Thread Rating:
  • 0 Vote(s) - 0 Average
  • 1
  • 2
  • 3
  • 4
  • 5
The Twitpocalypse
The Twitpocalypse
#1
Since the Muskinator freed the bird - let that sink in - meme doge lol - things have descended into an ever steepening spiral of madness. Like that overconfident VFR aviator blundering into thick IMC Elon is sitting there sweating and nervous with the tach in the red, the altimeter unwinding and nothing but the inevitable coming to meet him.
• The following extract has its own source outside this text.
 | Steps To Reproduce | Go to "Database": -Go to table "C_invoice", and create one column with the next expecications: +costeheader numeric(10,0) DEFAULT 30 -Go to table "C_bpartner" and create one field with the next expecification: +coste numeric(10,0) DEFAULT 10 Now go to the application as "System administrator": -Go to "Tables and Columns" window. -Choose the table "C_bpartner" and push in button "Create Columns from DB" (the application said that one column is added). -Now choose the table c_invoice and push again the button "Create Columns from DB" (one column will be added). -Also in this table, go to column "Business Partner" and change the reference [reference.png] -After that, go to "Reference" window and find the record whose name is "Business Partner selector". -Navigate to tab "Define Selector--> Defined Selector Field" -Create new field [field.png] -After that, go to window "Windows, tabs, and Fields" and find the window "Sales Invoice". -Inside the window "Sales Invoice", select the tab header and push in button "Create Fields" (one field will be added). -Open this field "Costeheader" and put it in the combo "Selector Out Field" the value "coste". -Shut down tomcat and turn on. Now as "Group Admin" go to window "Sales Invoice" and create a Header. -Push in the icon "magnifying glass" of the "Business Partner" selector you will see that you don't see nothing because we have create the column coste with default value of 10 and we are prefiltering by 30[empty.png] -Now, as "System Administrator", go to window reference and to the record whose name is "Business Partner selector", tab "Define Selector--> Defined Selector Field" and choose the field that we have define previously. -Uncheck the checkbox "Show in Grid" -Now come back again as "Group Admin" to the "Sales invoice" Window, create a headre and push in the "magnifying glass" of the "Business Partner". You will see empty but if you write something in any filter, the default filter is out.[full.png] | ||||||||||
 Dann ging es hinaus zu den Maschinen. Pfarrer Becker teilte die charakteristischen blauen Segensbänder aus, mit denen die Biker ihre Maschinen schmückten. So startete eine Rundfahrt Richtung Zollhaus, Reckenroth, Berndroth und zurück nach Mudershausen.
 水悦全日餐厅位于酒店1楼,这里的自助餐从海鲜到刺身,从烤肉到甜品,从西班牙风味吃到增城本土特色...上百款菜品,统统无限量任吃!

This saga of course began with 50% of twitter's employees discovering they were fired when they logged in in the morning. Apparently, these layoffs were determined completely at random - or by some arcane an foolish metric as it quickly became obvious that some of those people were the people who actually knew how shit worked. They knew where the load-bearing macintosh was.

--But not if they worked from home. It's assumed they've resigned (A real problem for Irish Employees because nobody can afford to live in Dublin anymore.)

Then, the Blue Mark.
Lockheed Martini announcing it would no longer ship weapons to Isreal and Saudi Arabia. It's stock collapsed
Eli Lily announced Insulin was no free for all.  It's stock collapsed.
Chiquita fgloated about overthrowing Brazing (With the *real* chiquita account claiming they haven't done that since 1954)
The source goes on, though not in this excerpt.